Reproduce the lines below verbatim. Pictures are to be omitted.
(Given information Opens)
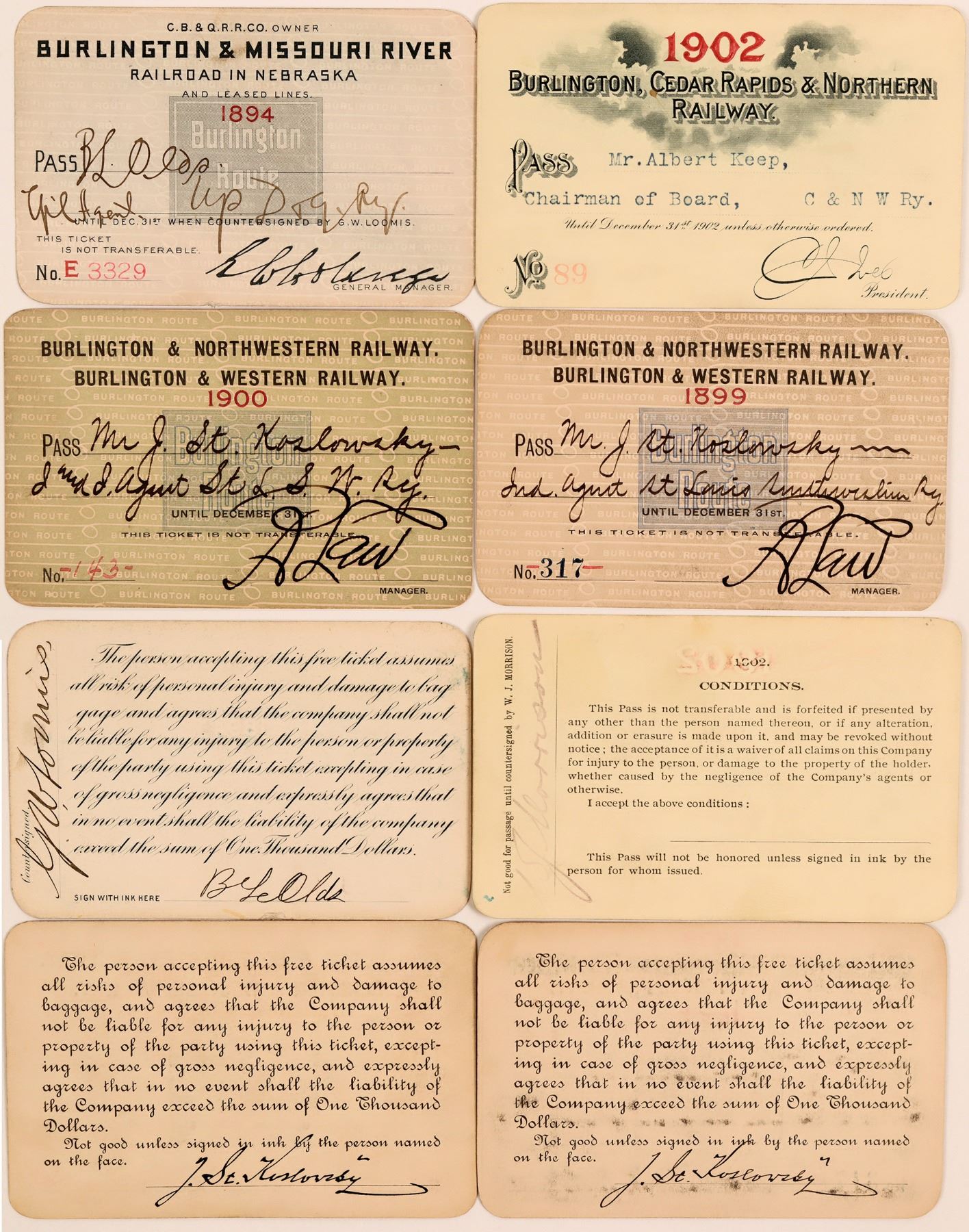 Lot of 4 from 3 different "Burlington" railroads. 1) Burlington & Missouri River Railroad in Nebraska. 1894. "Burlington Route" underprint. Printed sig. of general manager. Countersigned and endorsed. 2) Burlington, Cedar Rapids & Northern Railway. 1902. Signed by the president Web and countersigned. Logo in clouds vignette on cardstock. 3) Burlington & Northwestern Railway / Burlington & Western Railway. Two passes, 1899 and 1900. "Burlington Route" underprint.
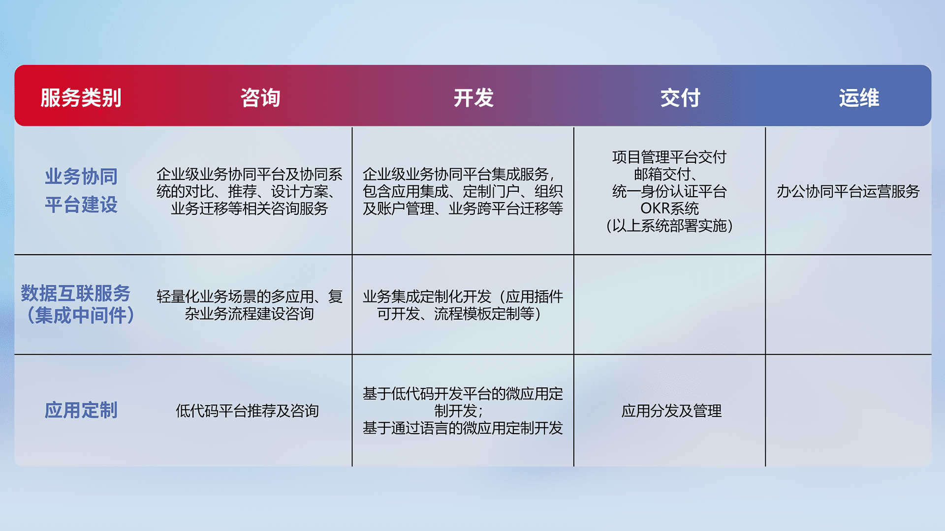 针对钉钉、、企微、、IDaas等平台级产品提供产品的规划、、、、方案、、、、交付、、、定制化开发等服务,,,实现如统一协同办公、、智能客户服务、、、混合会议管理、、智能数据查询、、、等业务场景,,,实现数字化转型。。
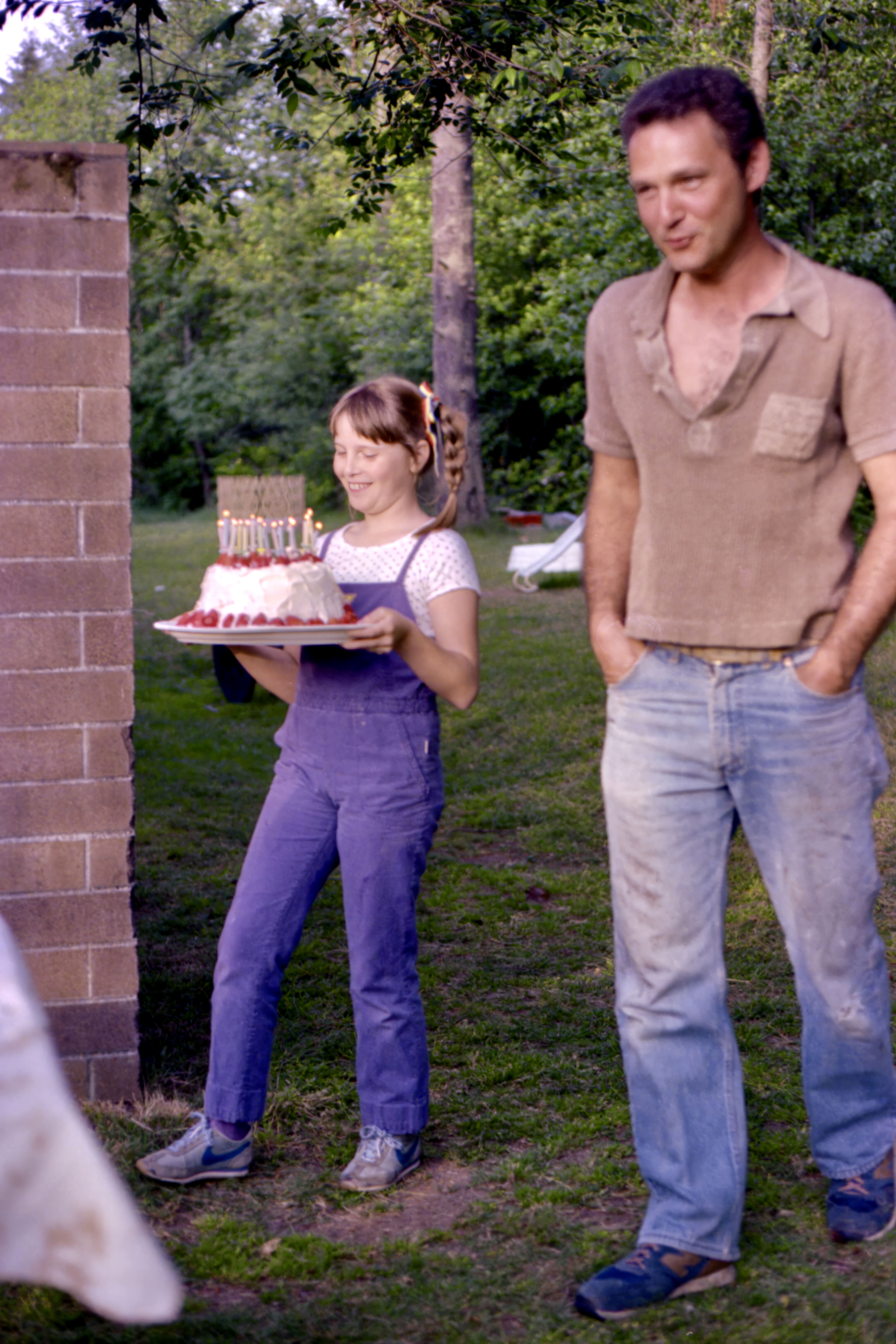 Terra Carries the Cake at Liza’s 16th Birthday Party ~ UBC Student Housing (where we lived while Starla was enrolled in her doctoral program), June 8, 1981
(Given information Closes)
Task solution
 Lot of 4 from 3 different "Burlington" railroads. 1) Burlington & Missouri River Railroad in Nebraska. 1894. "Burlington Route" underprint. Printed sig. of general manager. Countersigned and endorsed. 2) Burlington, Cedar Rapids & Northern Railway. 1902. Signed by the president Web and countersigned. Logo in clouds vignette on cardstock. 3) Burlington & Northwestern Railway / Burlington & Western Railway. Two passes, 1899 and 1900. "Burlington Route" underprint.
 针对钉钉、、企微、、IDaas等平台级产品提供产品的规划、、、、方案、、、、交付、、、定制化开发等服务,,,实现如统一协同办公、、智能客户服务、、、混合会议管理、、智能数据查询、、、等业务场景,,,实现数字化转型。。
 Terra Carries the Cake at Liza’s 16th Birthday Party ~ UBC Student Housing (where we lived while Starla was enrolled in her doctoral program), June 8, 1981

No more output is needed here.